Do not choose a model from a single clean demo file. Use a small representative set first:
- 20-50 audio files that cover short clips, long meetings, silence, noise, overlapping speakers, domain vocabulary, and target languages.
- Record model name, model revision, FunASR version, device, CPU/GPU type, CUDA/PyTorch version, runtime path, batch size, and whether warmup/model download time is excluded.

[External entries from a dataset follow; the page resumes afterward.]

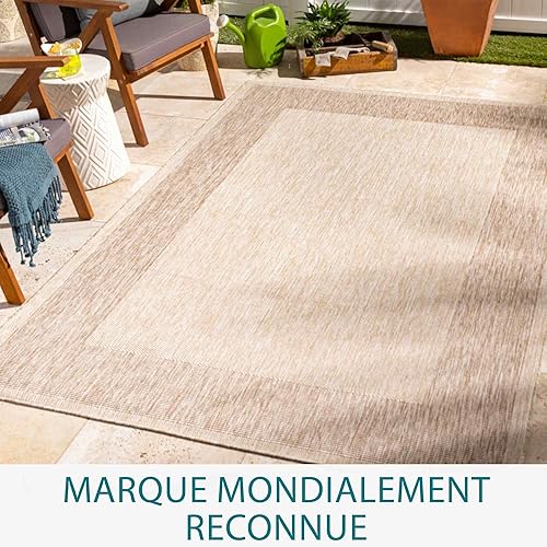 Surya Livabliss Zante Tapis Exterieur Terrasse Balcon, Véranda, Patio - Moderne Abstrait à Motifs Marbre Moucheté - Tapis Jardin Extérieur et Intérieur Boheme Chic Oriental 160x213 cm - Beige, Bleu
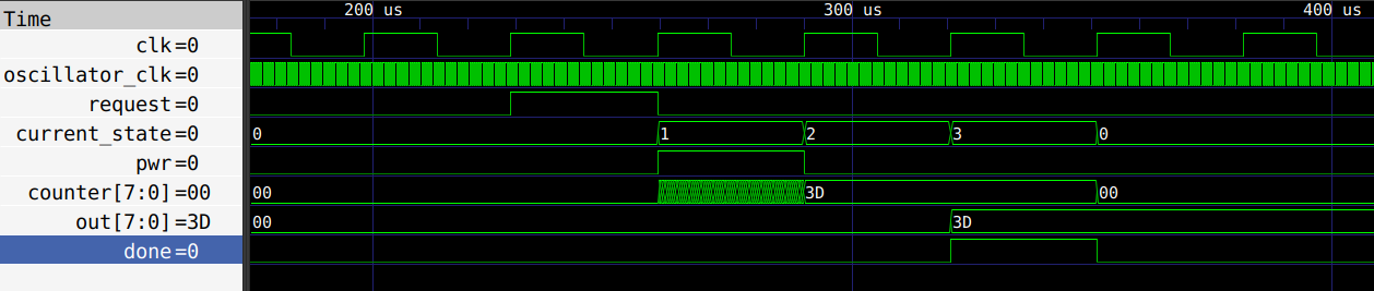 When the request signal is received, the FSM start to power up the analog part and count the number of pulses generated by oscillator in the internal variable counter. Next, it powers down the analog, puts the value of the counter variable in the out variable and generate a pulse through the done wire to indicate the end of the measurement. In this example we get 0x3D pulses (in hexadecimal, or 61 in decimal) during one period of the reference clock.
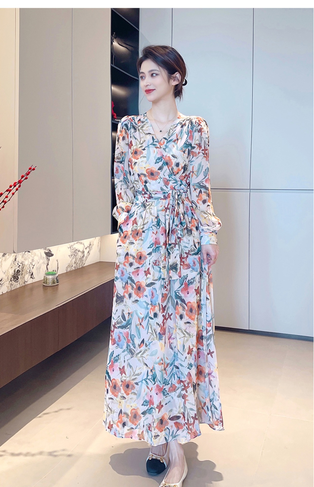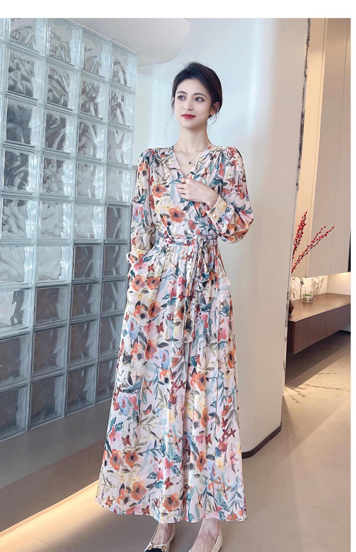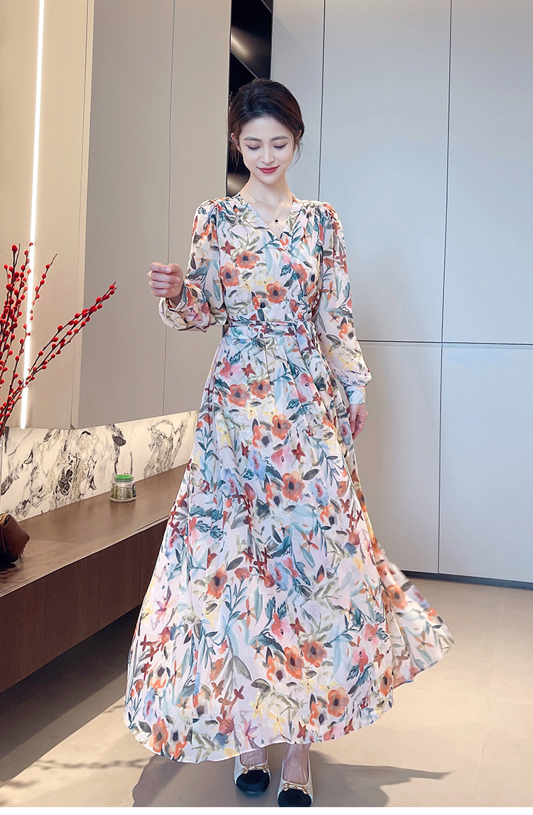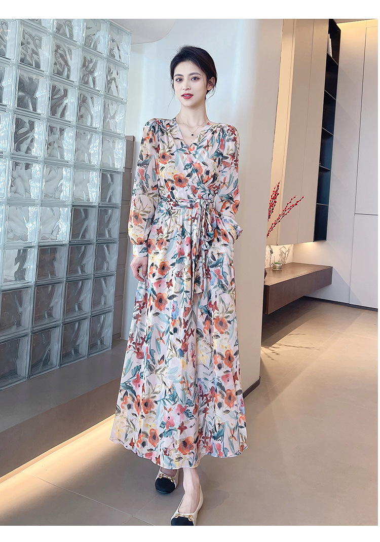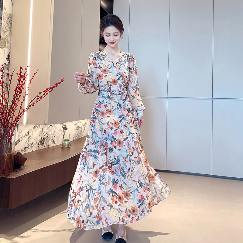 긴 소매 꽃 쉬폰 원피스 여성의 봄과 가을 2024 새로운 우아한 허리 커버 배 슬림 달콤한 긴 치마스토어 가기
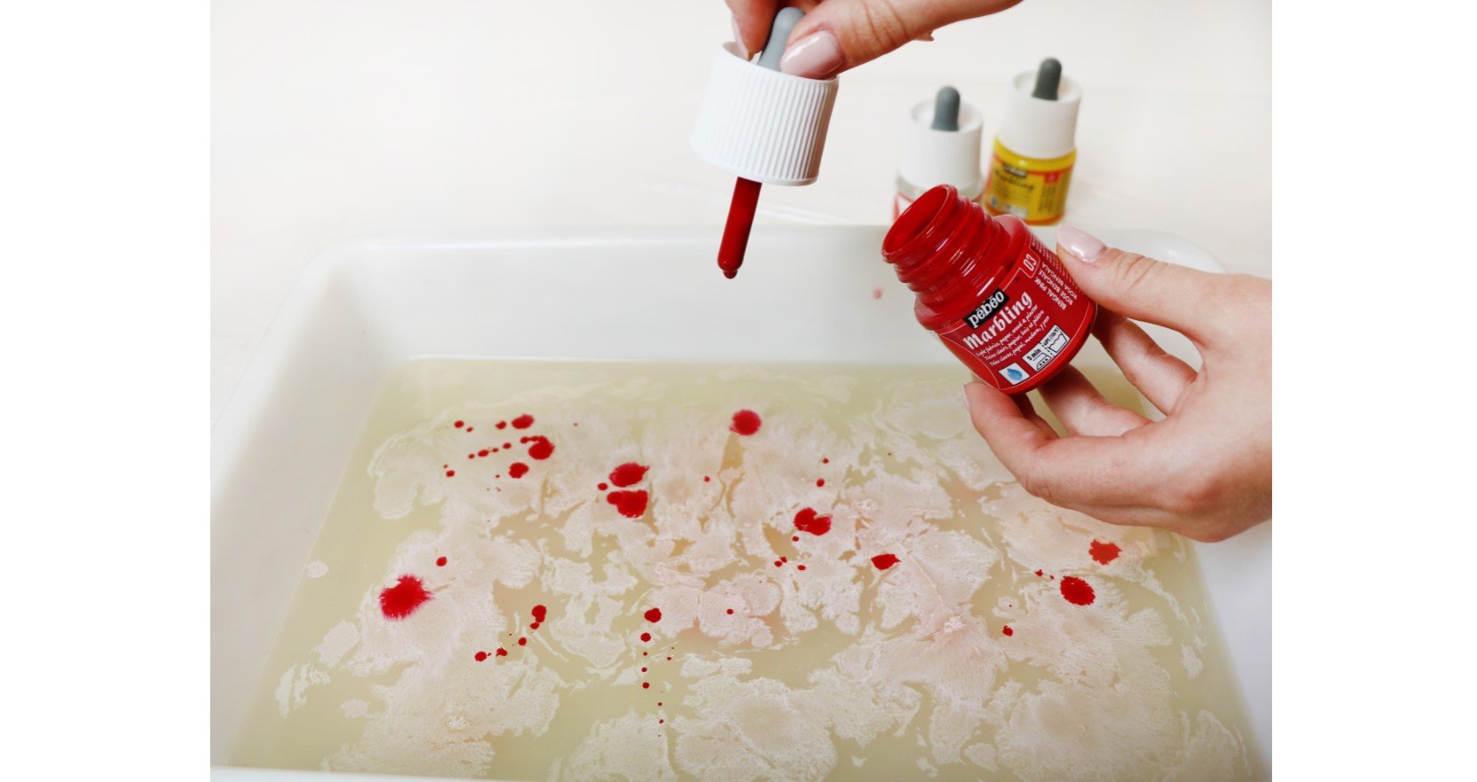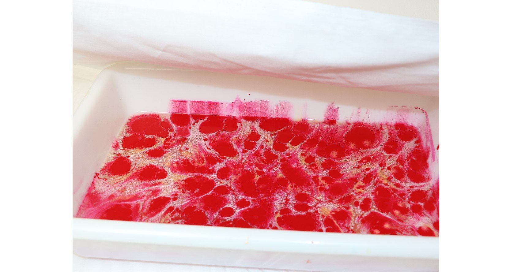 Промойте ткань, чтобы удалить излишки материала марморирования, и дайте высохнуть в течение 2 часов.
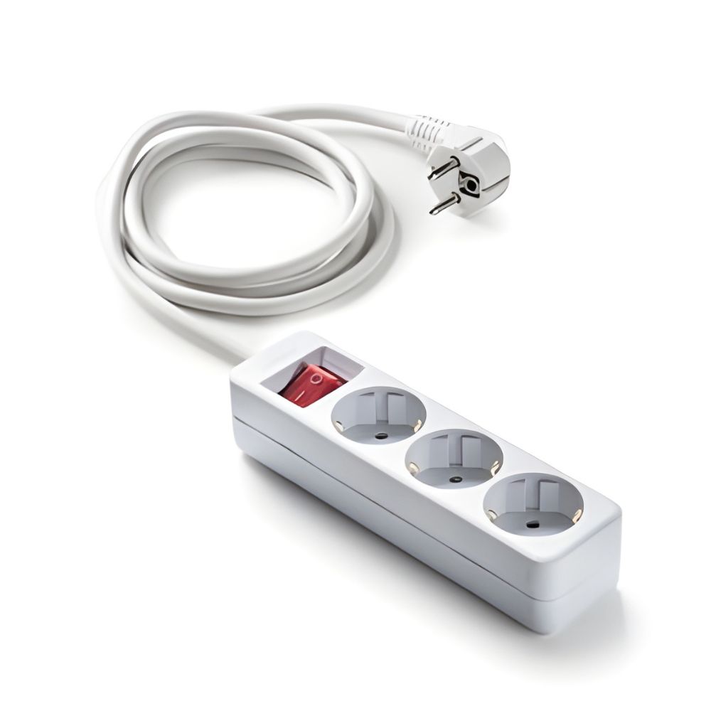 Base múltiple 3 tomas TT Lateral 16A/250V~ con interruptor. Blanco.

- Track quality with your normal WER/CER or human review process, not only transcript readability.
- Track latency, throughput, memory, failures, and upload size limits together.
- Keep at least one public sample for smoke tests and at least one private realistic sample for deployment validation.
For migration work, use the migration benchmark example and the migration guide.
- With a GPU, default to Fun-ASR-Nano — the flagship LLM-based model (31 languages), strongest on hard, contextual, and proper-noun-heavy audio.
- On CPU, or for multilingual + emotion workloads, use SenseVoice-Small (fast non-autoregressive, CPU-viable).
- Use Paraformer when your production traffic is primarily Mandarin and you want timestamps or hotwords.
- Use the streaming runtime when partial results and long-lived connections matter more than a single final transcript.
- Keep model aliases stable in production runbooks so benchmark results and bug reports are reproducible.
- Open a Deployment Help issue with model, device, command, logs, audio duration, and runtime path when you get stuck.